March 2011 "Family Feud"
PLANNING FOR WEALTH & SECURITY
By Jennifer & Jeff Hawkins, Trust & Estate Specialty Board Certified Indiana Trust & Estate Lawyers
Do all families fight about money when their members die? You certainly remember stories of feuding families, but the attorneys’ experiences at Hawkins Law PC over the past two decades have shown that only a small portion of families fight openly. Most families experience grief and inheritance with grace and dignity. The relatively few fighting families could have avoided most of their problems with simple precautions.
Some fights just develop from personality conflicts. Family members may not want to fight, but some in-laws throw kerosene on smoldering relationships because they don’t share family bonds. Many fights begin when a beneficiary’s spouse sticks his or her nose into business where the nose does not belong. Generally speaking, families fare much better when in-laws keep their opinions about their spouses’ families’ business to themselves.
Most fights result from poor communication among people in weak relationships. Folks who don’t trust each other tend not to speak to each other very often. If one of those people becomes a fiduciary, such as Mom’s guardian, executor, or trustee, his silent treatment of the other family members can attract nightmarish trouble. People that want to know what is happening in a guardianship, estate, or trust often assume that the fiduciary is behaving badly if he operates in secrecy. They expect evil among things done in darkness.

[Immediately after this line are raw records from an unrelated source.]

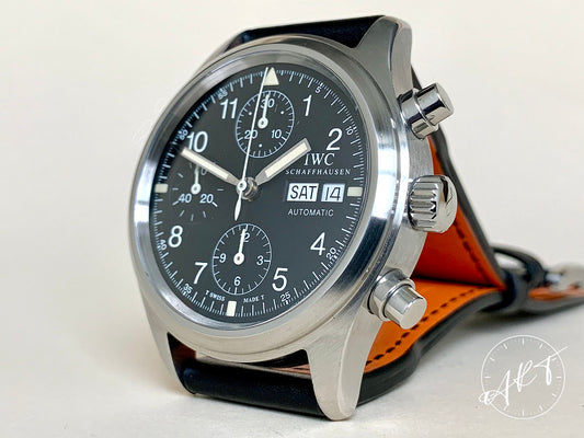 IWC Flieger Day-Date Chrono Black Dial Cream Patina SS Auto Pilot Watch IW3706
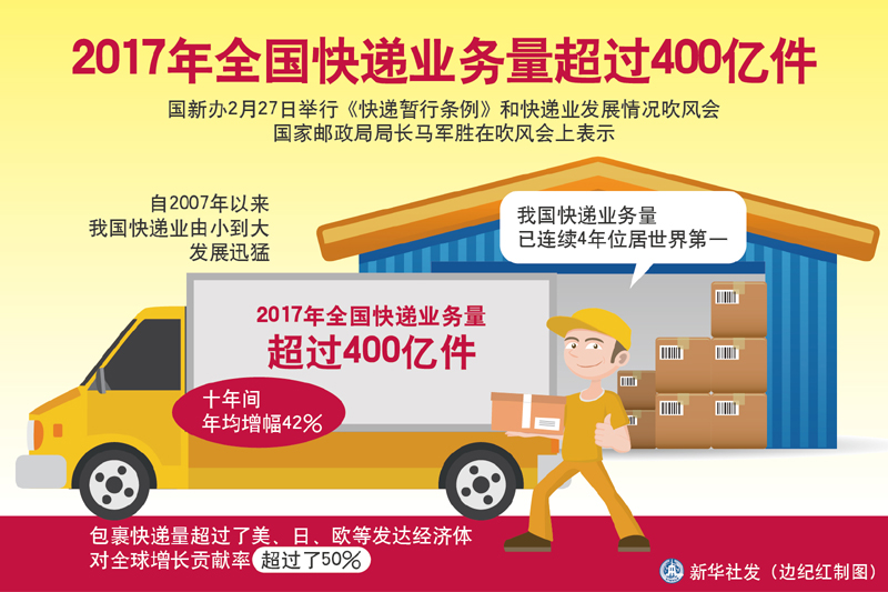 图表:2017年全国快递业务量超过400亿件
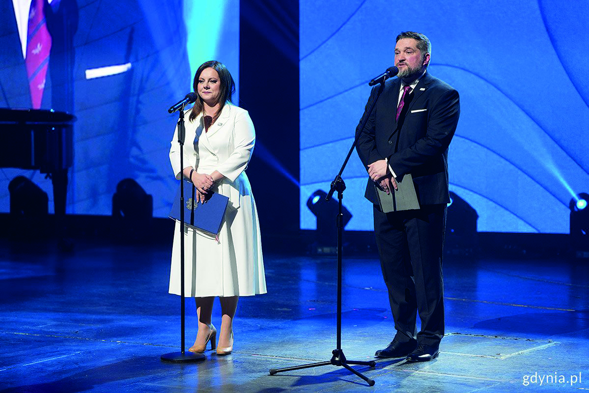 Gdynia świętuje swoje setne urodziny. Jednym z najważniejszych i najbardziej dostojnych momentów tego święta była uroczysta sesja Rady Miasta Gdyni 10 lutego. Gospodarzem uroczystości był Tadeusz Szemiot, przewodniczący Rady Miasta Gdyni, a na scenie towarzyszyła mu Aleksandra Kosiorek, prezydent Gdyni. Samorządowcy podkreślali, że powstanie miasta wymagało odważnej wizji i z podobną odwagą Gdynia wejdzie w swoje drugie stulecie.W Teatrze Muzycznym spotkali się przyjaciele Gdyni z całej Polski – przedstawiciele władzy państwowej, wojska, świata nauki, biznesu, kultury i sportu oraz samorządowcy. Obecni byli m.in. Karol Nawrocki, prezydent Polski, Małgorzata Kidawa-Błońska, marszałek Senatu, a także były włodarz Gdyni Wojciech Szczurek. Nie mogło zabraknąć Hanny Wendy-Uszyńskiej, wnuczki Tadeusza Wendy oraz Julity Maciejewicz-Ryś, wnuczki premiera Eugeniusza Kwiatkowskiego – kustoszek pamięci dziedzictwa swoich dziadków.Wyjątkowi laureaci Medali im. Eugeniusza Kwiatkowskiego na stulecie GdyniMedal im. Eugeniusza Kwiatkowskiego jest wyrazem szczególnego uznania za wybitne zasługi dla rozwoju miasta i portu oraz za rozsławianie Gdyni w kraju i na świecie. W tym roku wręczono je po raz trzydziesty drugi. Tegoroczni laureaci reprezentują trzy filary gdyńskiej historii i współczesności: gospodarkę morską, bezpieczeństwo oraz kulturę.Akademia Marynarki Wojennej im. Bohaterów Westerplatte z siedzibą w Gdyni przy ul. Śmidowicza 69 działa jako kontynuatorka Oficerskiej Szkoły Marynarki Wojennej założonej w 1922 r. w Toruniu. To jedyna w Polsce uczelnia reprezentująca morskie szkolnictwo wojskowe. Kształci kandydatów na oficerów Marynarki Wojennej RP i Sił Zbrojnych, a także studentów cywilnych z kraju i zagranicy, zgodnie z wartościami „Morze, Ojczyzna, Obowiązek” oraz „Amor Patriae Suprema Lex”.Izba Bawełny w Gdyni – Gdynia Cotton Association odpowiada za ustalanie i publikacje tabel prezentujących różnice wartościowe dla bawełn surowych. Ważną dziedziną jest również międzynarodowy arbitraż jakościowy i handlowy dotyczący obrotu bawełną. Współcześnie głównym zadaniem Izby jest popieranie i doskonalenie obrotu i przerobu bawełny, surowców bawełnopodobnych oraz wykonanych z nich wyrobów i półproduktów, a także propagowanie etyki kupieckiej, nienaruszalności umów oraz sądownictwa polubownego.Stowarzyszenie Filmowców Polskich to organizacja zrzeszająca twórców polskiej kinematografii. Wspiera promocję polskiego kina i edukację filmową, a także działa na rzecz ochrony praw twórców. SFP jest współinicjatorem i współzałożycielem Festiwalu Polskich Filmów Fabularnych – określanego mianem święta polskiego kina. Opublikowano: 12.02.2026 14:05 Autor: Dominika Sobiech (dominika.sobiech@gdynia.pl) Zmodyfikowano: 12.02.2026 14:05 Zmodyfikował: Dominika Sobiech
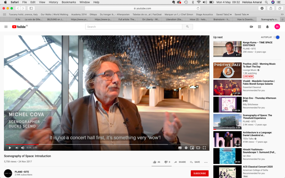 Architectural acoustics and how it shapes our sound ideal is a very exciting topic, and there is extensive research in this domain. Scenography in Space is particularly interesting in the sense that it shows how conceptions of architectural acoustics in concert halls, in addition to being standardised, are intimately linked to political notions such as democracy or national identity.
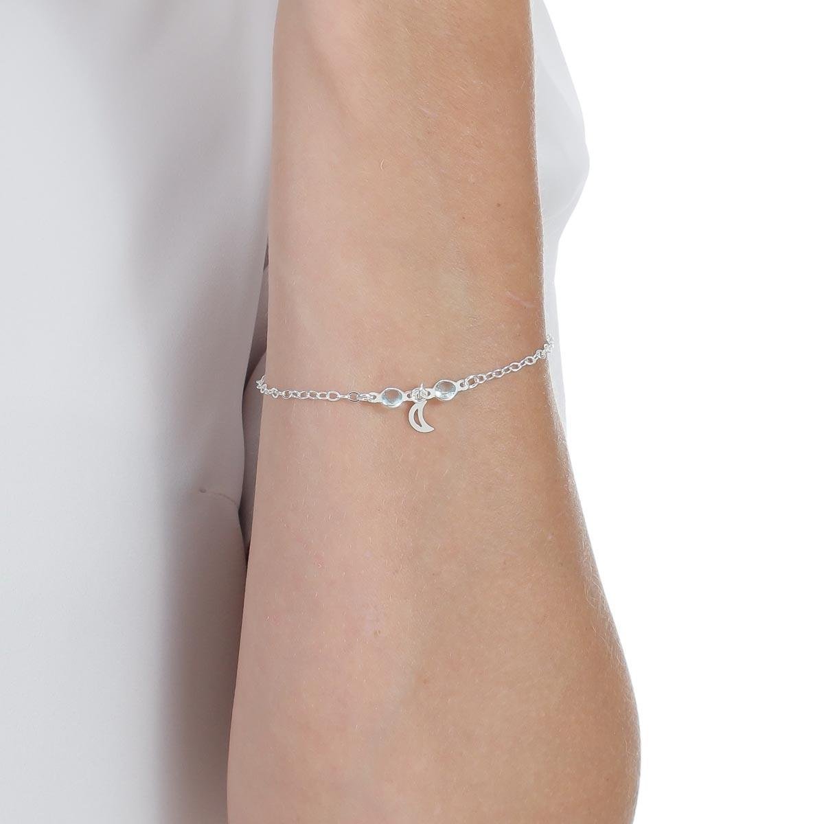 Fabricada em prata de alta qualidade, essa pulseira possui um acabamento impecável, garantindo durabilidade e resistência. O ponto de luz e a lua pendente adicionam um toque de charme e feminilidade, tornando-a ainda mais especial.

Daylight dispels darkness and distrust. The laws governing guardianships, estates, and trusts require fiduciaries to report how they invest and spend assets and income. Smart fiduciaries keep detailed financial records to show with whom they do business; what they do with income, expenses, and assets; and the purpose of each action. Good trust and estate attorneys help fiduciaries prepare detailed reports and keep communication lines open with beneficiaries and other interested people.
Parents, how can you help prevent your descendants from fighting? We’ve given that question much thought over the past couple of decades. The answer lies in what heritage you pass to your children. Families that value material wealth more highly than rich relationships are most vulnerable to conflict. Families that embrace loving relationships much more than money pass on much more treasure than any trust or estate can hold. Parents’ most enriching conversations can be to insist that children cherish each other regardless of pressures their relationships may experience.
A family built on love and mutual respect is a fortress that corrosive greed and selfishness cannot destroy. That family is very wealthy and secure, regardless of its economic fortunes.